Yeah, that about sums up the differences. I suppose there are a few more finer points, but those seem to be the key ones. Lower case HTML tags mostly, and being less forgiving about closing of tags. It's essntially a "cleaned up" form of HTML, and is supposed to have less incompatible browser quirk issues. It also compresses better, since most page content has more lower case characters than upper case characters, so there is more redundancy between the page content and the markup tags. (Unless it's an AOL page...?
). That and it's easier to type lower case tags.
There is an XHTML validator you can use to check your sites:
http://validator.w3.org/I generally prefer XHTML over HTML, mostly because it seems to be the strictest set of rules, which usually means what you write is pretty much guaranteed to work anywhere. Although, it's not technically a strict subset of HTML. For example, one difference I've come across is that "<BR>" is valid in HTML, whereas "
" is valid in XHTML, and each are invalid in the other format. Basically, XHTML forces you to close every tag, including ones that are always empty (usually with the shorter <tag /> syntax, instead of the longer <tag></tag> syntax). HTML tends to ommit certain end tags when the tag never has any content. Oddly enough though, script tags still need to be given as <script></script> pairs, even if they're just referencing an external JavaScript file. It won't work if you try to use <script /> syntax.
Btw, as for various web languages, here's how their purpose breaks down:
Client Side (parsed/used/executed by the browser):
1) Content and Structure: HTML, XHTML
2) Layout and Appearance: CSS
3) Behavior: JavaScript
Server Side (parsed/used/executed by the web server):
1) Flat files simply served as is: .html (HTML/XHTML), .css, .js
2) Executed, and standard output returned (usually the output is an HTML/XHTML page, but it could be an image, or any other file type):
PHP, Ruby, ASP, Perl, Python, ... pretty much anything you want to use really, including compiled binaries.
2a) Run as a CGI script (like starting a new program, and loading it from disk for each GET request, which can be a little slow).

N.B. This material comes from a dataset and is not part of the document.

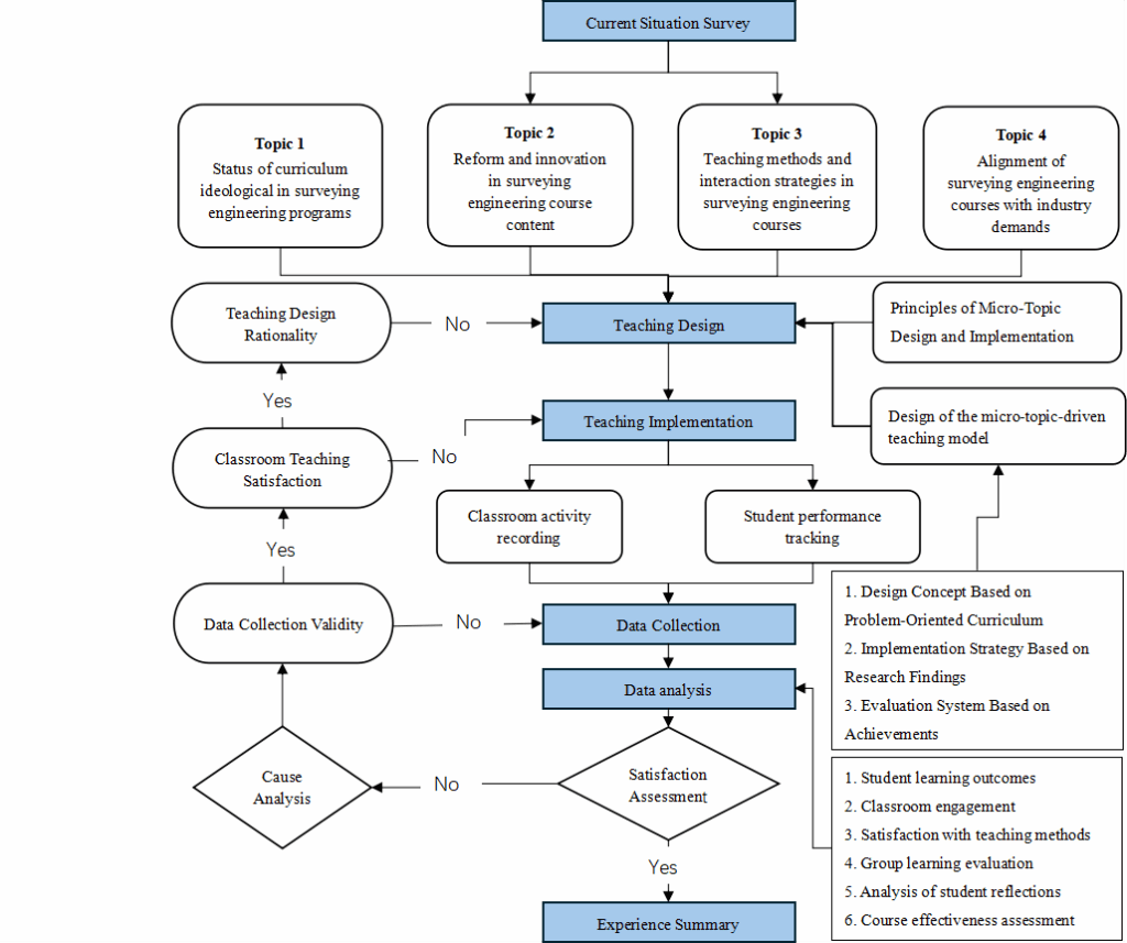 During the teaching implementation phase, instructors systematically document student engagement and classroom interactions. Learning outcomes are then evaluated through data analysis, and iterative refinements to teaching methods are made based on feedback. This cyclical optimization process enhances teaching quality and fosters improved student learning experiences. Specifically, for surveying and mapping engineering students, this structured implementation framework provides robust support for the development of practical skills and innovative problem-solving capabilities.

Any language can basically be run this way, usually scripting languages, sometimes compiled binaries. Since the process is isolated from the web server, it won't bring the web server down if it crashes.
2b) Run as an Apache (or other web server) module. These get loaded by the web server when it's started and stay in memory, so they should provide lower latency responses. If the module contains a bug which could cause it to crash, it can bring down the whole web server. PHP is typically run as a module. Note that the previous comment means a bug in the PHP interpreter, not in the PHP script. The PHP interpreter should handle problems with the PHP script by basically terminating the script, without crashing the interpreter, or Apache. Ruby also has a module, although, the use of mod_ruby is somewhat questionable, mainly due to a single shared interpreter instance, and caching of required files, so they won't pick up changes unless you restart the web server. There are other Ruby modules I've heard of but they seem to basically use...
2c) Run as a seperate private internal web server, to which Apache makes proxy requests. To the client, it appears these requests are served directly by the main web server (usually Apache), but are actually served by a more custom built framework, which is usually tied to a specific language. For example, Ruby on Rails seems to use this approach. This would appear to have many of the same performance benefits as an Apache module, but perhaps with a bit of extra latency due to the proxing. Also, flaws in the secondary web server are isolated from the main web server, so if it crashes, it won't bring down the whole web server. It may however bring down that one app. I've heard in the case of a mod_rails though, that it may actually restart any failed secondary servers upon the next request that Apache gets.
I doubt I'd get after anyone for not doing work. It's not like I have time to get a whole lot done anymore. Heck, I probably don't even have the time to chase after other people to get things done.
My intention is that it will be a purely voluntary basis. I would expect people to just work on what interests them, and if something gets done and is reasonably polished, they can post an announcement or send a PM, so it can be reviewed and put up on the site.